Going global with the fight for emancipation 

Muhammad Ali, of course, boldly refused the draft to fight in Vietnam:

"No I'm not going 10,000 miles from home to help murder and burn another poor nation simply to continue the domination of white slave masters of the darker people the world over."

Maya Angelou, as well, was an unashamed supporter of socialist Cuba given how it supported the anti-colonial movement in southern Africa at a time when the United States was supplying the Apartheid South African government with weapons.

And it wasn't just anti-racists fighting in the States who recognized the global nature of their cause.

Nelson Mandela, for example, declared that "We know too well that our freedom is incomplete without the freedom of the Palestinians."

Making MLK day international 

Coretta Scott King didn't fight for the United States to commemorate her murdered husband with 'Martin Luther King Day' for it to be treated like a meaningless holiday.

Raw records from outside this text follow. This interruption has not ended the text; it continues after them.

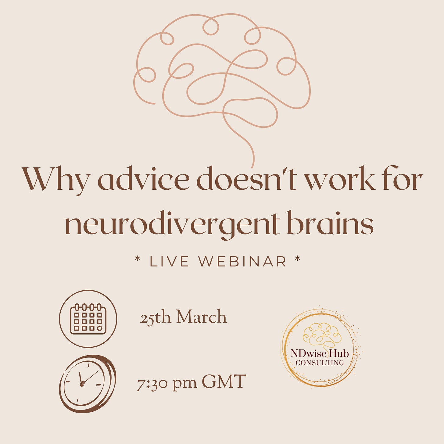 I hope you will join me on the 25th or March at 7:30pm GMT when I will host a webinar exploring advice in neurodivergent contexts in more depth.
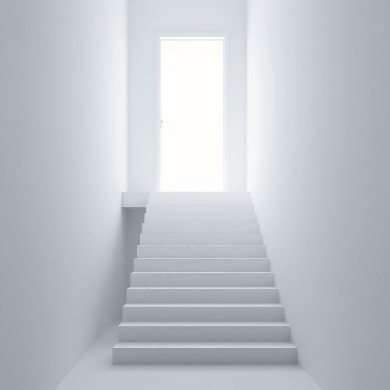 A minimalist staircase ascends into a luminous void, defying gravity as it leads toward a door bathed in ethereal light, inviting passage into an otherworldly realm.
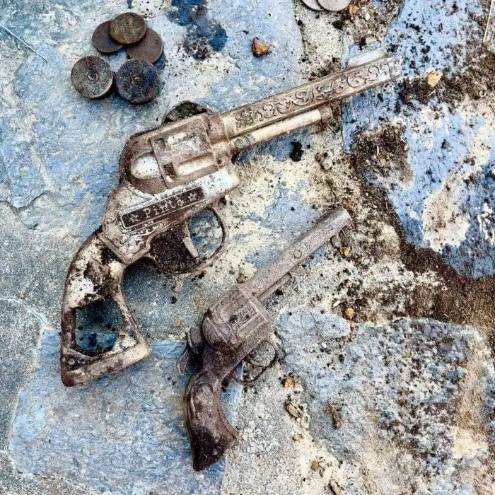 Я нашёл в лесу два игрушечных револьвера. Маленький датируется пятидесятыми, другой шестидесятыми. Интересно, их в разные годы потерял один и тот же ребёнок?
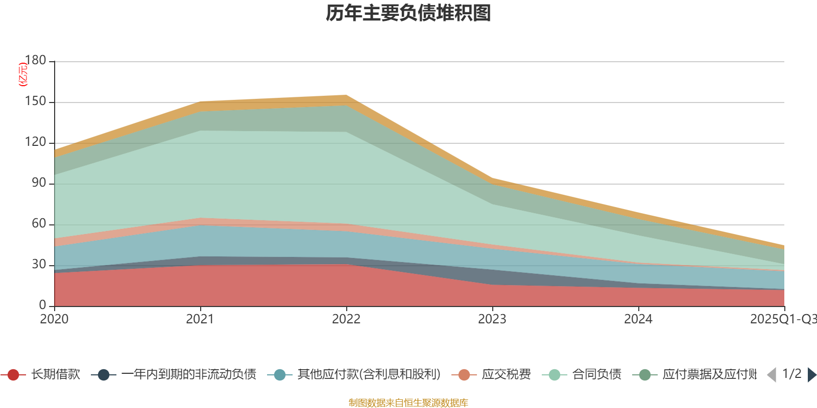 负债重大变化方面,截至2025年三季度末,公司合同负债较上年末减少78.2%,占公司总资产比重下降14.26个百分点;其他应付款(含利息和股利)较上年末减少8.02%,占公司总资产比重上升3.07个百分点;一年内到期的非流动负债较上年末减少78.77%,占公司总资产比重下降2.45个百分点;应付票据及应付账款较上年末减少10.1%,占公司总资产比重上升2.27个百分点。
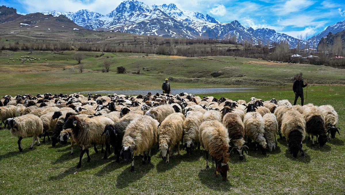 VAN (AA) - ORHAN SAĞLAM - Küçükbaş hayvan varlığıyla öne çıkan Van'da besiciler, zorlu geçen kışın ardından koyunlarını meralarda otlatmanın sevincini yaşıyor.
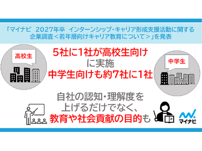 株式会社マイナビ(本社:東京都千代田区、代表取締役 社長執行役員:土屋芳明)は、大学1、2年生向けのキャリア教育や、より若年層に向けたキャリア教育への企業の取り組み状況をまとめた「マイナビ 2027年卒インターンシップ・キャリア形成支援活動に関する企業調査<若年層向けキャリア教育について>」の結果を発表しました。
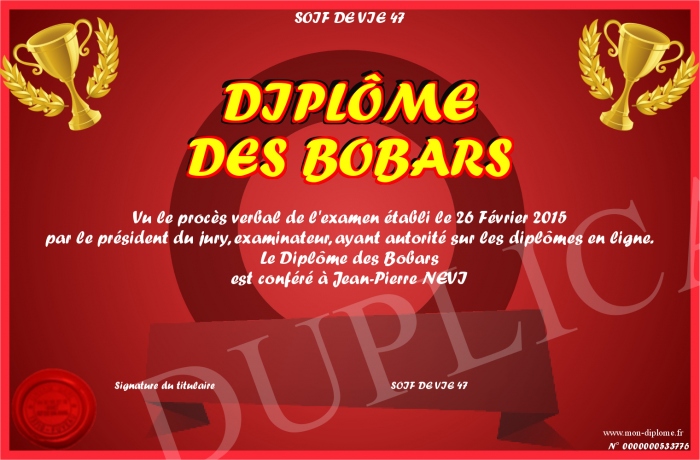 Envoyez par email votre DIPLÔME DES BOBARS personalisé

King, and all the martyrs of the long anti-racist battle in America, would surely have wanted it to be nothing less than an annual moment of radical education.

Accordingly, if we take just one lesson from MLK Day in 2019, let it be that we are not truly opposing racism if we oppose the oppression of non-whites in our own country while turning a blind eye to bombs being dropped on non-white people abroad.

The two struggles are, well, just one.